* INSTRUCTIONS TO FOLLOW
Below is a block of entries; repeat exactly the lines starting at the line that contains "小學員們在C919國產大飛機" and ending at the line that contains "Ansimple アンティーク調 合金製宝箱", both included.

* EXCERPTED RECORDS
━━━━━━

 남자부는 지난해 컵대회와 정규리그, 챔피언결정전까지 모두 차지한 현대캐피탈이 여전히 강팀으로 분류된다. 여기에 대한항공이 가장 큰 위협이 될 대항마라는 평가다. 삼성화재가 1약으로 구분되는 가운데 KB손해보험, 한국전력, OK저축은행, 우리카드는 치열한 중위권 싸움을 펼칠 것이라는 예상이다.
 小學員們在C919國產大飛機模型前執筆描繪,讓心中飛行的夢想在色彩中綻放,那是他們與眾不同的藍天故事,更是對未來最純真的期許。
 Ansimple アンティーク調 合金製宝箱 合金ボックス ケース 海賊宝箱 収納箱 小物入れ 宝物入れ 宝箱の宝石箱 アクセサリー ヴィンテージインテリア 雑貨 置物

━━━━━━

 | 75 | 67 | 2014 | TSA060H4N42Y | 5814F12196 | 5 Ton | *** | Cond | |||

━━━━━━

* RESULT OF THIS TASK
 小學員們在C919國產大飛機模型前執筆描繪,讓心中飛行的夢想在色彩中綻放,那是他們與眾不同的藍天故事,更是對未來最純真的期許。
 Ansimple アンティーク調 合金製宝箱 合金ボックス ケース 海賊宝箱 収納箱 小物入れ 宝物入れ 宝箱の宝石箱 アクセサリー ヴィンテージインテリア 雑貨 置物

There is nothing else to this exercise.